Following is our collection of funniest Limb jokes. There are some limb appendage jokes no one knows (to tell your friends) and to make you laugh out loud. Take your time to read those puns and riddles where you ask a question with answers, or where the setup is the punchline. We hope you will find these limb femur puns funny enough to tell and make people laugh.
So I tore my girlfriend apart limb by limb to find out whether or not she loved me.
but it was just a fossil arm.
I was discussing religion with a man and he claimed to be a "moose limb". Must be some kinda canadian thing I guess.
and loses his title.
The upside of robotic limb replacements is that they cost an arm and a leg
They cost an arm and leg
Her: What do you do?
Me: Global prosthetics distribution.
Her: So you're an artificial limb salesman?
Me: I prefer 'international arms dealer'.
Just because they're missing a limb or two doesn't make them any less of a person.
Dedicated
and was immediately disqualified.
Rey WILL NOT lose a limb, because she already lost a Han.
You can explore limb bone reddit one liners, including funnies and gags. Read them and you will understand what jokes are funny? Those of you who have teens can tell them clean limb prosthesis dad jokes. There are also limb puns for kids, 5 year olds, boys and girls.
She's bad at her job.
I mean they go out on a limb to build these things!
He really went out on a limb
They lost.
Possession of arms
He is immediately disqualified
I'm gonna go out on a limb and say he doesn't have a shred of decency .
He is ashamed.
And was immediately disqualified.
I'm raising the bar!
He loses.
He went out on a limb.
Instant disqualification.
Poor girl got fired
I'm going to kill him with my bear hands.
...let's raise the bar!
Be a Jedi and a Skywalker.
... and say climbing this tree was a bad idea.
...we go way back.
I went out on a limb and said it hurt.
He was unarmed and defeated.
Police are stumped
"Two of each hand please." I say to the man at the counter.

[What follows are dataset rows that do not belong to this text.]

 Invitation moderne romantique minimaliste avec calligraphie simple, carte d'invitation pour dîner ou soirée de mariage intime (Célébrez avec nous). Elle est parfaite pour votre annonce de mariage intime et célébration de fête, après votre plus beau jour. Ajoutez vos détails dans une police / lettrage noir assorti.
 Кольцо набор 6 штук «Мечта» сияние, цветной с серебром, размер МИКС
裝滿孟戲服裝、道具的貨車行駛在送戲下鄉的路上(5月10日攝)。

"We're all out of left hands sir." He responds.
"All right then."
I like to set the bar high
Narcoleprosy
A hand-me-down.
Doctor: Mr. Franco, I'm sorry to tell you that your leg has developed gangrene, and if we don't amputate immediately, you may die due to infection.
Shall I schedule the surgery?
Mr. Franco: Hmm... I'm gonna go out on a limb and say no.

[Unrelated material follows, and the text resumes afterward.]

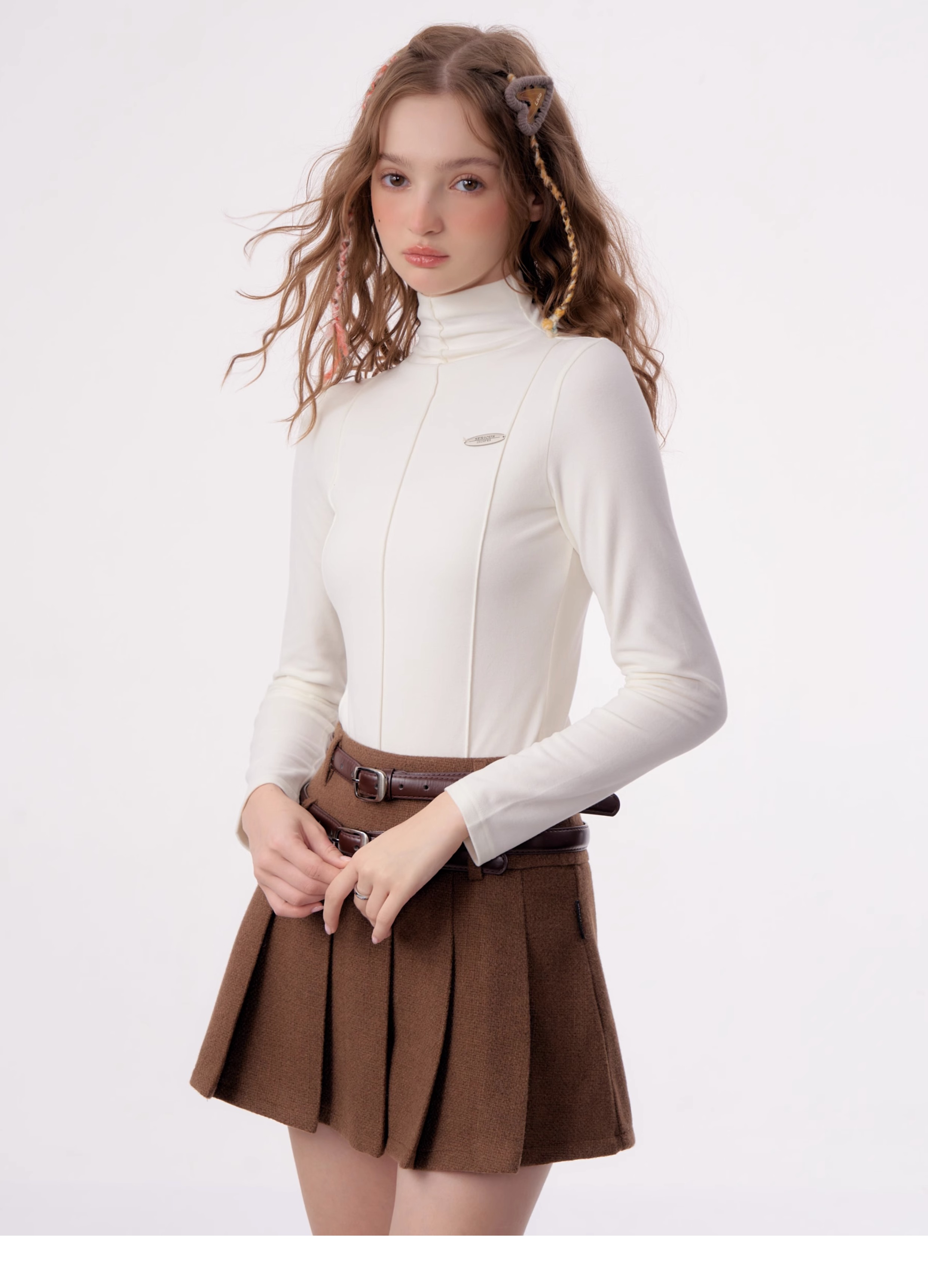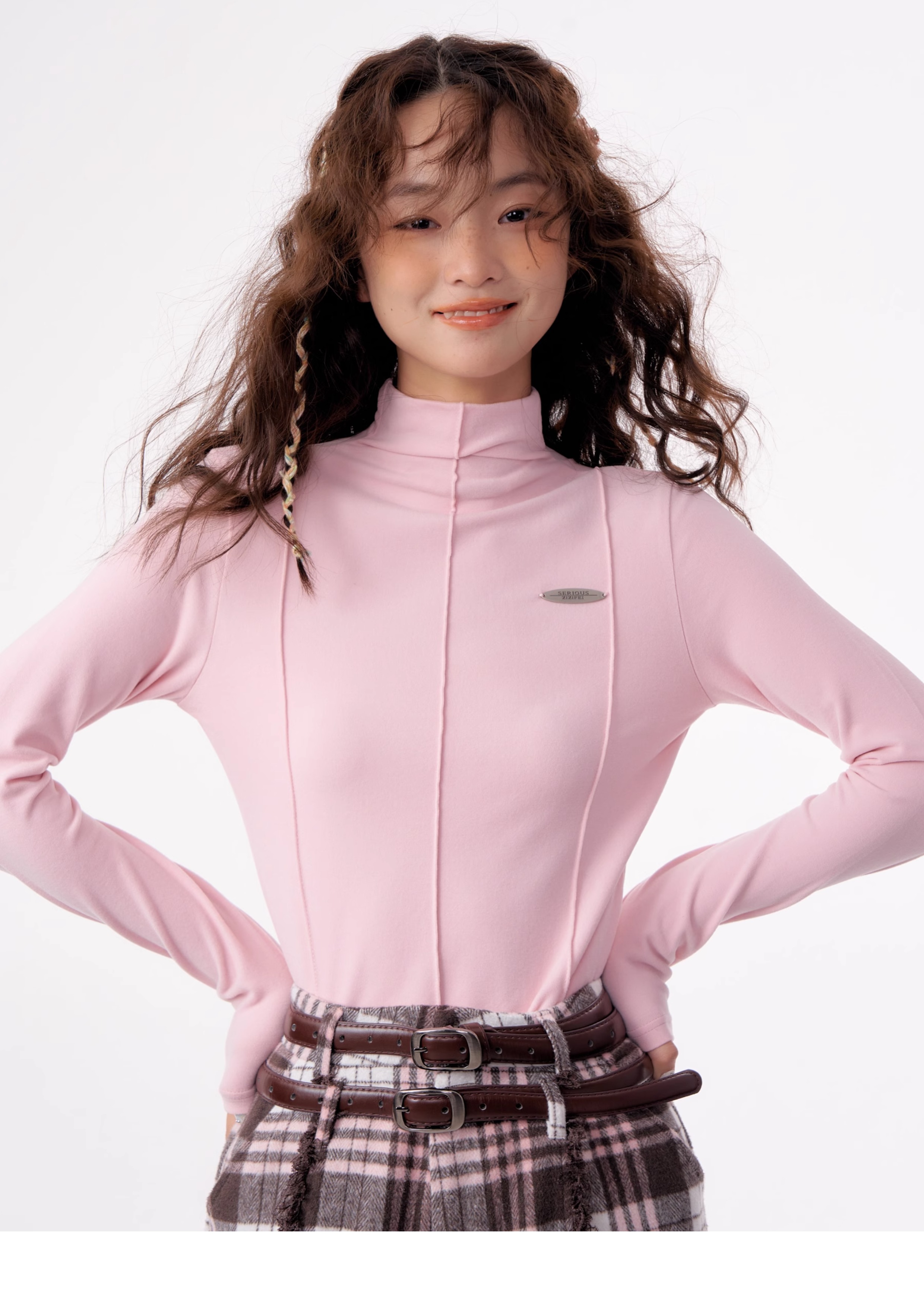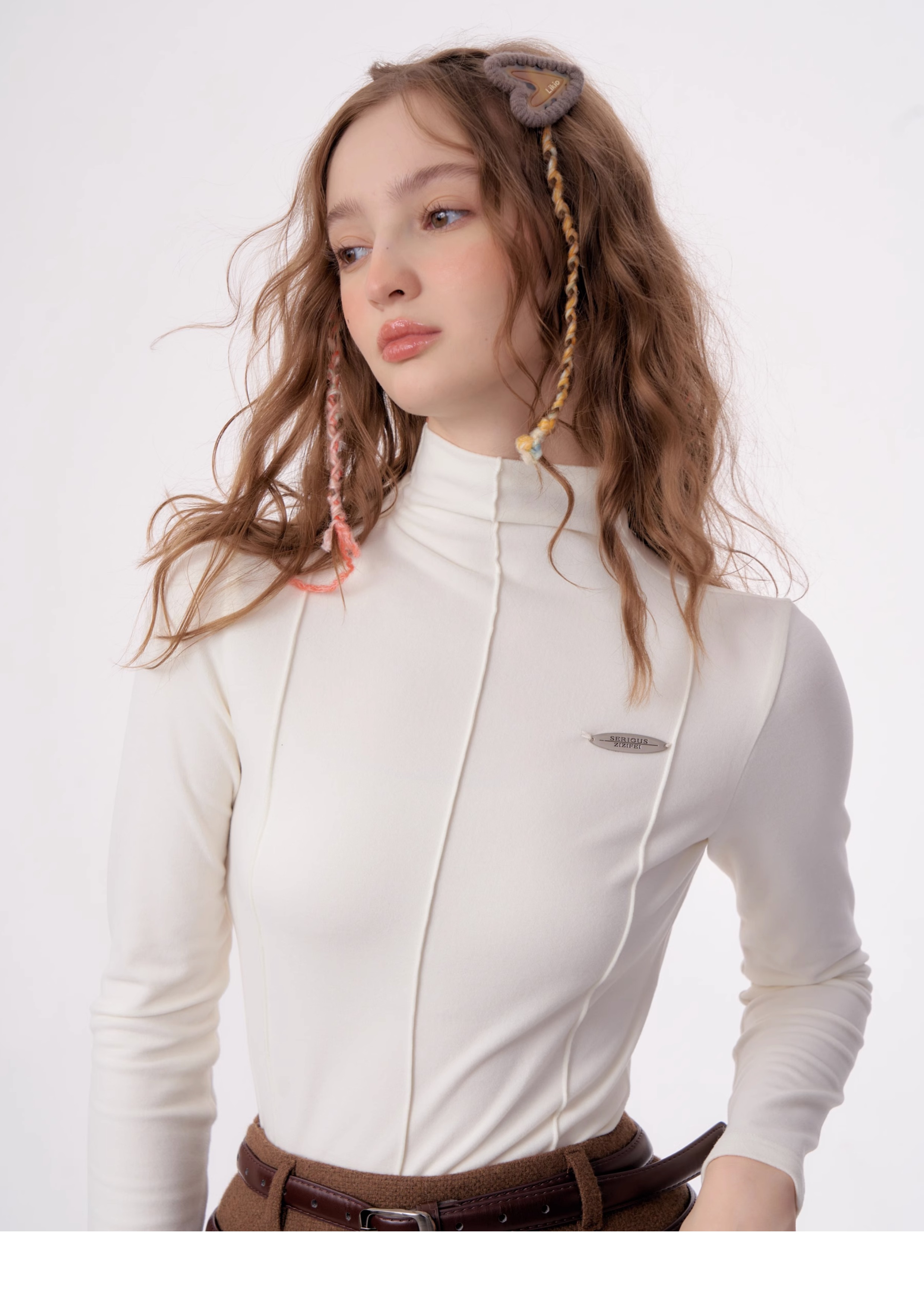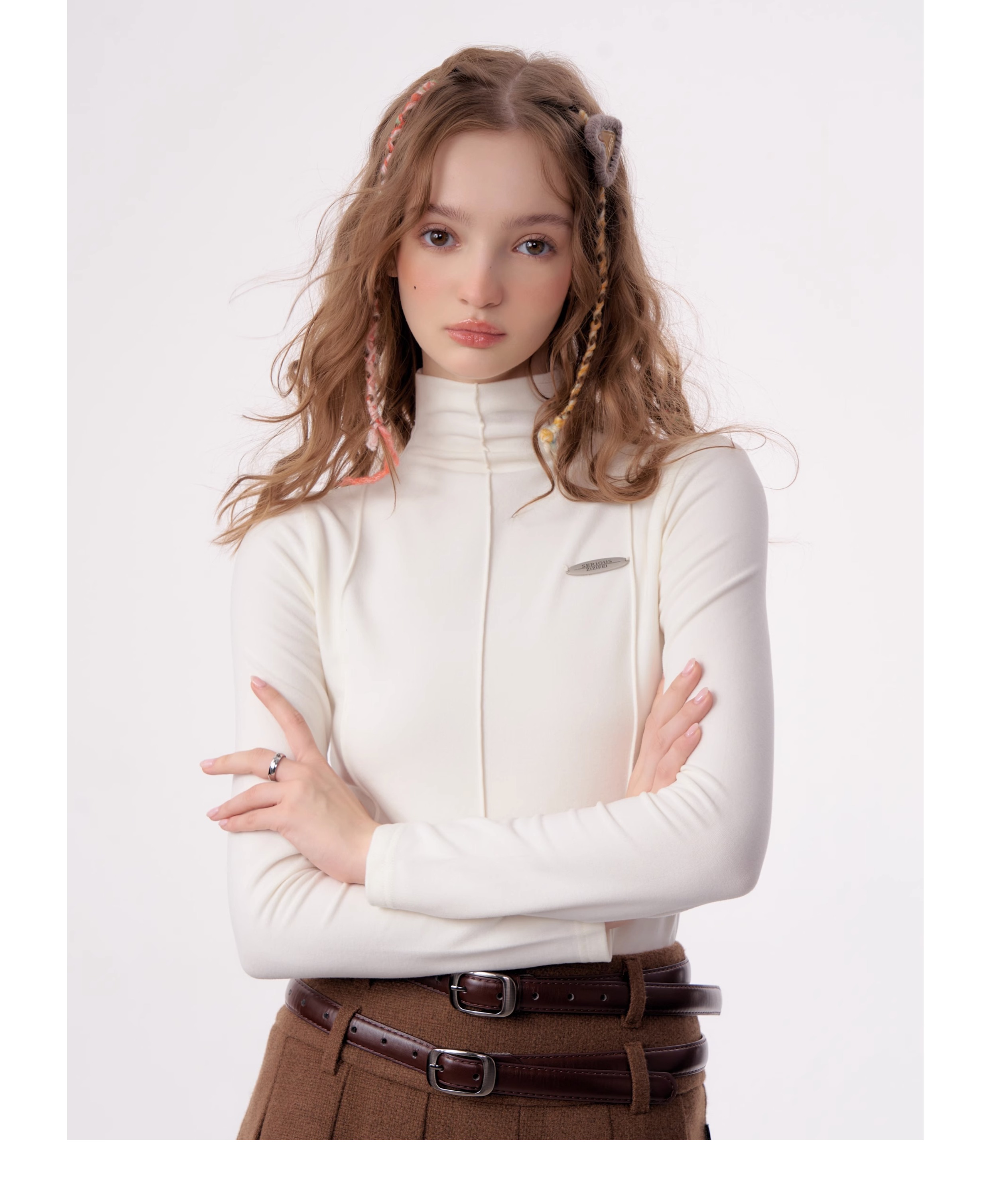 Плотный вязаный топ с длинными рукавами | Приталенный крой с высоким воротником в стиле ретро для осени/зимы

In order to set the bar high, you have to set the bar low..
...and is eliminated from the competition.
He goes out on a limb for you.
My best performance was in Norway.
There I went Oslo as I could go.
How low can you go?
I'll kill him with my bear hands.
He was disqualified.
Then the right hand is my left hand, and my right hand is what's left!
He wouldn't have anything to do with them. Eventually, we realized it wasn't all pirates. Just peg-leg pirates. Actually, it was anybody who had lost a lower limb. We later discovered he was lack-toes intolerant.
They lost
She's immediately disqualified
Gets disqualified.
Just think that there are jokes based on truth that can bring down governments, or jokes which make girl laugh. Many of the limb amputation jokes and puns are jokes supposed to be funny, but some can be offensive. When jokes go too far, are mean or racist, we try to silence them and it will be great if you give us feedback every time when a joke become bullying and inappropriate.
We suggest to use only working limb limbless piadas for adults and blagues for friends. Some of the dirty witze and dark jokes are funny, but use them with caution in real life. Try to remember funny jokes you've never heard to tell your friends and will make you laugh.